Twelve more years of hard work and he got to speak again. Here are his words after 36 years of practice: "I quit."
His Guru quickly answered: "Good, all you have been doing anyway is complaining."

WORSE THAN A CLOWN

There was a young monk in China who was a very serious practitioner of the Dharma.
Once, this monk came across something he did not understand, so he went to ask the master. When the master heard the question, he kept laughing. The master then stood up and walked away, still laughing.
The young monk was very disturbed by the master's reaction. For the next 3 days, he could not eat, sleep nor think properly.

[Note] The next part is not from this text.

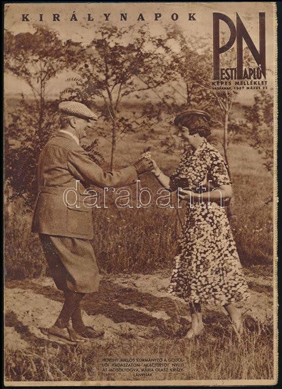 cca 1937 Horthy Miklós kormányzó beszéde Debrecenben, 1 db mai nagyítás Fekete György (1904-1990) budapesti fényképész hagyatékából (15x10 cm), + hozzáadva a Pesti Napló képes mellékletének 1937. május 23. számát, benne több Horthy fénykép illusztrációval
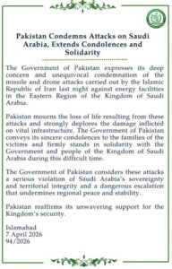 پاکستان سعودیہ عرب پہ ہونے والے ان حملوں کی نہ صرف بھرپور مذمت کرتا ہے بلکہ فریقین کی طرف سے صبر وتحمل کا خواہشمند ہے

At the end of 3 days, he went back to the master and told the master how disturbed he had felt. When the master heard this, he said, "Monk, do you know what your problem is? Your problem is that YOU ARE WORSE THAN A CLOWN!"
The monk was shocked to hear that, "Venerable Sir, how can you say such a thing?! How can I be worse than a clown?" The master explained, "A clown enjoys seeing people laugh. You? You feel disturbed because another person laughed. Tell me, are u not worse than a clown?"
When the monk heard this, he began to laugh. He was enlightened.

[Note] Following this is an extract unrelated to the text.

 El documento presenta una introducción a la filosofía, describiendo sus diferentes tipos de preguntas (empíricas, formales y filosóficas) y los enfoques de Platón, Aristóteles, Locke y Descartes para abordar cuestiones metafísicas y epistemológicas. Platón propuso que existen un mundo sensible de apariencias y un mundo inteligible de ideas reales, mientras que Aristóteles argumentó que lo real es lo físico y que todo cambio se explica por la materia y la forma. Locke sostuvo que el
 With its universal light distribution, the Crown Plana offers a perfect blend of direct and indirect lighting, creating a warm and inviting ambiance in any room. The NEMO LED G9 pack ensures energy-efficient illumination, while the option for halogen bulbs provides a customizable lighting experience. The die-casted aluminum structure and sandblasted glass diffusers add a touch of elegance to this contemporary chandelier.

AT LEAST AS HARD AS YOUR BAD HABIT

I was driving Suzuki Roshi. My friend in the backseat, with cigarettes in his shirt pocket, asked about Zen.
"Zen is hard," Roshi said. "It is at least as hard as quitting smoking."

"To Shine One Corner of the World: Moments with Shuryu Suzuki: Stories of a Zen Teacher Told by His Students" (Edited by David Chadwick)

A SIMPLE QUESTION

Once there was a monk who was an expert on the Diamond Sutra, and as books were very valuable in his day, he carried the only copy in his part of the world on his back. He was widely sought after for his readings and insight into the Diamond Sutra, and very successful at propounding its profundities to not only monks and masters but to the lay people as well. Thus the people of that region came to know of the Diamond Sutra, and as the monk was traveling on a mountain road, he came upon an old woman selling tea and cakes.
The hungry monk would have loved to refresh himself, but alas, he had no money. He told the old woman, "I have upon my back a treasure beyond knowing -- the Diamond Sutra. If you will give me some tea and cakes, I will tell you of this great treasure of knowledge."
The old woman knew something of the Diamond Sutra herself, and proposed her own bargain. She said, "Oh learned monk, if you will answer a simple question, I will give you tea and cakes." To this the monk readily agreed. The woman then said, "When you eat these cakes, are you eating with the mind of the past, the mind of the present or the mind of the future?"
No answer occurred to the monk, so he took the pack from his back and got out the text of the Diamond Sutra, hoping he could find the
answer. As he studied and pondered, the day grew late and the old woman packed up her things to go home for the day.
"You are a foolish monk indeed," said the old woman as she left the hungry monk in his quandary. "You eat the tea and cakes with your mouth."